The best interpretative yield derives from the correlation of the cytological results with the imaging, which can provide information on the anatomical distribution of the lesion, evidence of the nodularity of the pleural disease, and, sometimes, tissue invasion.
Although “positive” and “negative” immunohistochemical markers have been shown to be remarkably effective in distinguishing between epithelioid mesothelioma and other secondary malignancies, no biomarker has 100% sensitivity or specificity for diagnosing mesothelioma.
The 2021 WHO classification of tumors of the pleura recommends specifying the specimen type in diffuse PM reports (e.g., extended pleurectomy/decortication; extrapleural pneumonectomy; and other smaller specimens, including small biopsy specimens and cytology). Regarding histology, PM can be determined directly by morphology through hematoxylin–eosin staining. Nonetheless, pathologists usually recommend confirmation through immunohistochemistry. Calretinin, Wilms tumor 1 (WT-1), cytokeratin 5 (CK5), podoplanin, mesothelin, and heart development protein with EGF-like domains 1 (HEG1) are immunohistochemical biomarkers of mesothelial differentiation, whereas carcinoembryonic antigen (CEA), B72.3, Ber-EP4, Lewisy blood group (BG8), MOC-31, CD15, mucin-4 (MUC4), and claudin-4 are markers suggestive of epithelial metastasis
[2].
The loss of BAP1 protein expression by immunohistochemistry has recently been suggested as a potential marker for identifying MM, as it has been observed in more than half of PM, either epithelioid, biphasic, or sarcomatoid
[52].
Recent advances in cytological analysis promise diagnostic advances for PM. Biancosino et al. The study cited in
[53] analyzed 5731 specimens of pleural effusions from 4552 patients, of which 444 were diagnosed as PM. Cytological evaluation achieved a sensitivity of 0.50 and specificity of 0.99 for PM diagnosis. The supplemental assessments of HA (above 30 mg/L) raised the sensitivity to 0.70 without affecting the specificity. The authors concluded that the cytological evaluation of pleural effusions aided by the assessment of HA has a diagnostic accuracy for PM that is no less than that of the standard histological evaluation, and may be considered in difficult or doubtful diagnostic cases.

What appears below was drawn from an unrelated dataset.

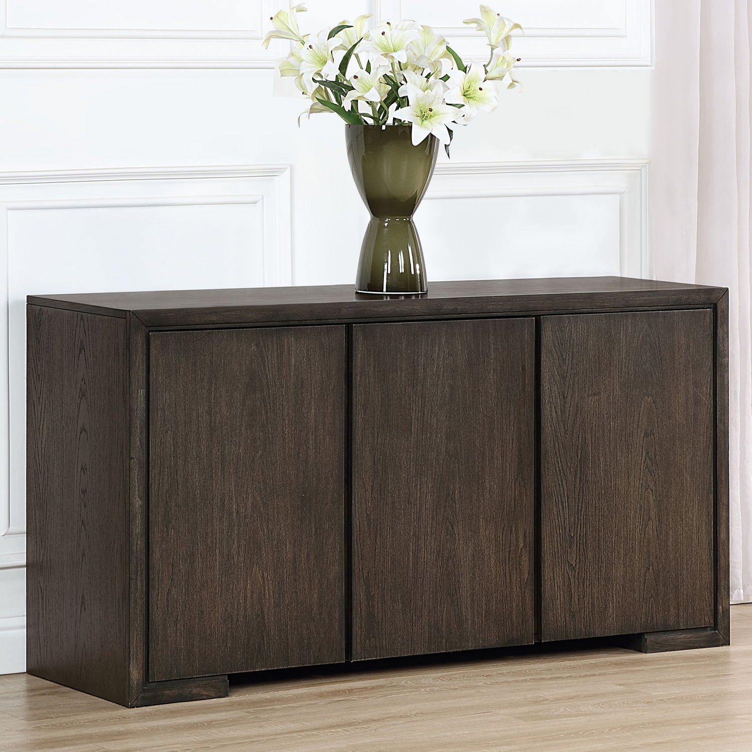 The Evan 60" Server combines sleek modern design with versatile functionality. Expertly crafted from oak and mango veneers, solid Asian hardwoods, and engineered woods, it features clean lines and a hand-stained walnut finish that highlights the wood’s natural grain. Three adjustable shelves offer flexible storage, while soft-touch doors and concealed European hinges provide a seamless, hardware-free look. Plastic glides protect floors from scratches. With its minimalist design and practical storage, the Evan Server is the perfect addition to any modern dining or living space.
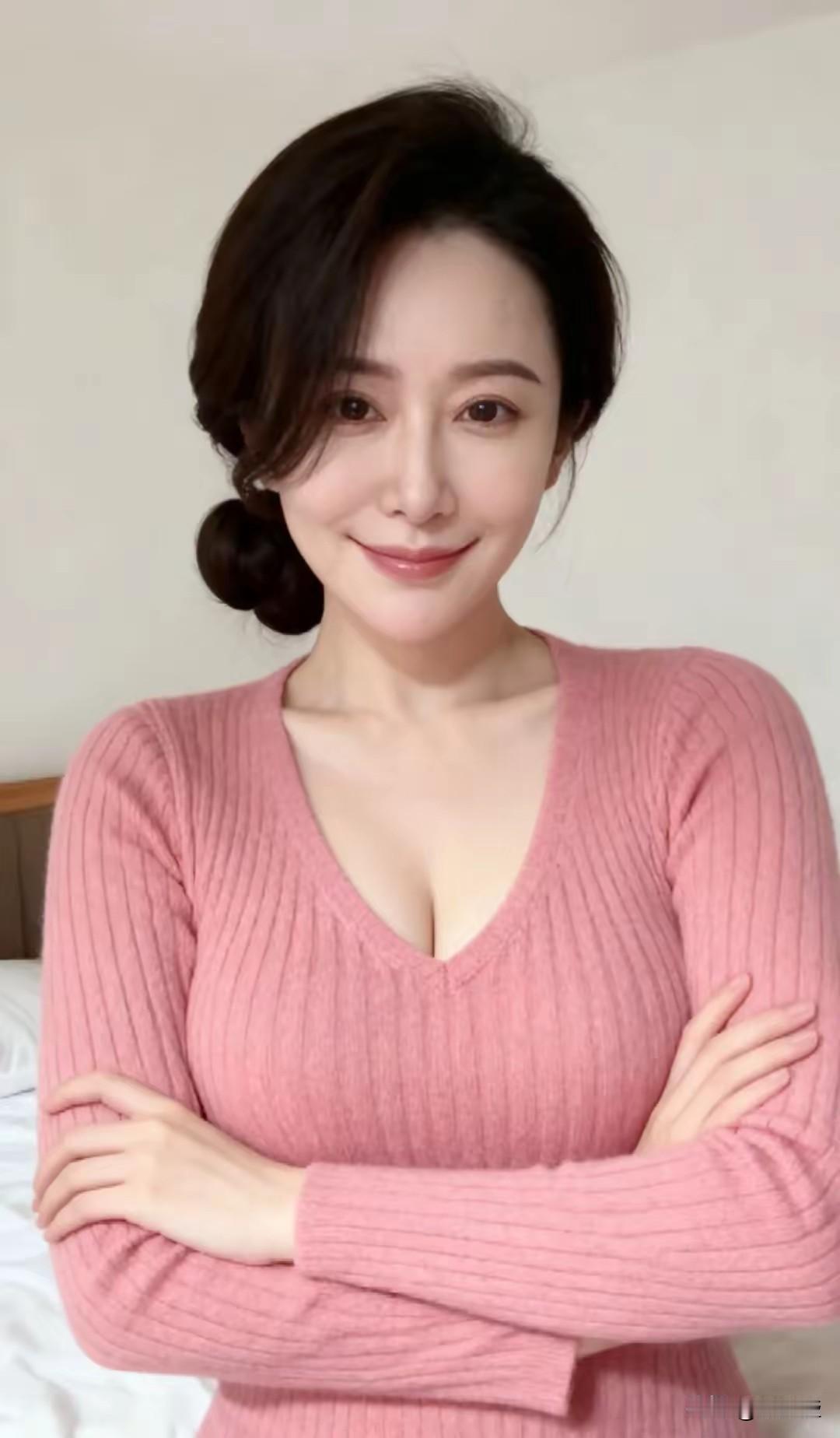 温柔甜美的粉色毛衣,搭配优雅的盘发,尽显优雅气质!🌸💖

Similarly, a large monocentric database was retrospectively explored in order to clarify the value of cytology in distinguishing malignant mesothelioma according to the International System for Reporting Serous Fluid Cytopathology (ISRSFC)
[54]. Cytological samples were available for analysis in 210 patients with malignant mesothelioma (164 pleural and 46 peritoneal effusions). All cases were reviewed and reclassified according to the proposed ISRSFC scheme. The final histological diagnosis consisted of epithelioid mesothelioma in 192 (91.4%) patients, and sarcomatoid type in the remaining 18 (8.6%). The cytological cases were reclassified as follows: 2 (0.9%) as non-diagnostic, 81 (38.6%) as negative for malignancy, 4 (1.9%) as atypia of undetermined significance, 11 (5.2%) as suspicious for malignancy, and 112 (53.4%) as malignant. Sarcomatoid cells in the malignant category appeared solitary, with moderate or marked nuclear pleomorphisms and irregular chromatin if compared with the epithelioid subtype. The authors concluded that morphological features, coupled with clinical–radiological data, may help clinicians to adequately manage the patients.